P - Catch That Cow

P - Catch That Cow

Time Limit:2000MS     Memory Limit:65536KB     64bit IO Format:%I64d & %I64u

Submit  Status

Description

Farmer John has been informed of the location of a fugitive cow and wants to catch her immediately. He starts at a point N (0 ≤ N ≤ 100,000) on a number line and the cow is at a point K (0 ≤ K ≤ 100,000) on the same number line. Farmer John has two modes of transportation: walking and teleporting.

* Walking: FJ can move from any point X to the points X - 1 or X + 1 in a single minute
* Teleporting: FJ can move from any point X to the point 2 × X in a single minute.

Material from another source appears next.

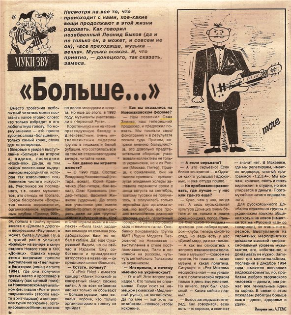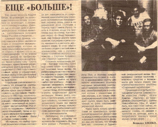 Группа "Більше" ("Больше") была образована Владимиром Неизвестным в г. Донецк (Украина), в конце 80-х годов. Тогда же, в одном из местных дворцов культуры, а именно в ДК им. Ленина, были осуществлены первые записи коллектива. В 1988 году состоялось выступление "Больше" в ДК им. Куйбышева, в рамках отчётного концерта местного рок-клуба. Один из первых альбомов был записан в г. Докучаевск, при участии: Владимира Неизвестного (гитара, вокал), Константина Комиссарова - ударные, Сергея Сокуренко - сопилка, флейта, бэк-вокал, акустическая гитара, клавиши и других. В период времени с 1993-1995 г. на Донецком областном радио, было записано 3 замечательных альбома - талантливым звукоинженером - И. Ильницким. Участие в рабочем процессе принимали: Олег Кривоконь, Юрий Кравченко, Василий Живиляк и др. Данные записи распространялись на аудиокассетах во многом благодаря лидеру МТЦ "Хьюзтон", и одновременно тогдашнему директору группы - Всеволоду Зленко. В 2000-м году группа записала свой первый альбом на профессиональной студии в г. Киев. В начале 2000-х местный телеканал - "КРТ" снимает для группы первый клип. В 2006-м на студии "Fat records", г. Донецк - было записано 3 песни. В 2011-м году Дмитрий Афанасьев ("Scream records") осуществил ремастеринг данного проекта. Последний альбом - "Пломба" был записан в 2012 году, на студии "Scream records" и издан ограниченным тиражом. В самом начале своей деятельности группа исполняла песни исключительно на русском языке, но начиная с 1993 года в репертуаре коллектива стали появляться и украиноязычные произведения, чем была вызвана волна критики в Донецке, но после встречи с группой "Брати Гадюкіни" ("Братья Гадюкины") музыканты ещё раз убедились, что они находятся на верном пути. Определённую классификацию стилю сложно подобрать для группы "Больше". Музыканты имеют многолетний концертный опыт и объездили с гастролями большую часть Украины. Песни группы звучали в эфирах различных радиостанций Украины, в прессе сохранилось множество упоминаний о данном коллективе. Нынешний состав: Владимир Неизвестный - гитара, вокал Сергей Сокуренко - бас Василий Живиляк - ударные Альбомография: 1985-1988 - Концертные записи 1990 - Ночной город 1991 - Демо 1991-1992 - Ночной город 2 1992 - Сборник 1993 - Рок-н-ролл на терiконi 1994 - Старенький парабелум 1995 - Кiт с блакитними очима 1997 - Несподiвана весна 1998 - Ужин дилетанта (Радио ''Да'') 2000 - Абстененцiя 2006 - Демо 2012 - Пломба Скачать - http://rutracker.org/forum/viewtopic.php?t=4276837, http://www.ex.ua/get/901117583867/40784030 Слушать онлайн - http://vk.com/vhs_video группа вконтакте - http://vk.com/bilshe Сообщение отредактировал zaton - 18.8.2013, 14:23 |

If the cow, unaware of its pursuit, does not move at all, how long does it take for Farmer John to retrieve it?

Input

Line 1: Two space-separated integers:  N and  K

Output

Line 1: The least amount of time, in minutes, it takes for Farmer John to catch the fugitive cow.

Sample Input

5 17

Sample Output

4

Hint

The fastest way for Farmer John to reach the fugitive cow is to move along the following path: 5-10-9-18-17, which takes 4 minutes.

也是搜索，3个方向，+1，-1，*2；

#include<stdio.h>
#include<queue>
#include<stdlib.h>
#include<string.h>
using namespace std;
struct stu
{
    int x,step;
} s;
int n,k,a[100010];
int bfs(stu z)
{
    z.step=0;
    queue<stu>q;
    q.push(z);
    stu t;
    while(1)
    {
        z=q.front();
          q.pop();
        int i;
        if(z.x==k)
            return z.step;
        else
        {
            for(i=0; i<3; i++)
            {
                if(!i)  t.x=z.x*2;
                else if(i==1)  t.x=z.x+1;
                else if(i==2)  t.x=z.x-1;
                if(t.x>=0&&t.x<=100000&&!a[t.x])
                {
                    a[t.x]=1;
                    t.step=z.step+1;
                    q.push(t);
                }
            }
        }
    }
}
int main()
{
    while(scanf("%d%d",&n,&k)!=EOF)
    {
        memset(a,0,sizeof(a));
        s.x=n;
        s.step=0;
        printf("%d\n",bfs(s));
    }
}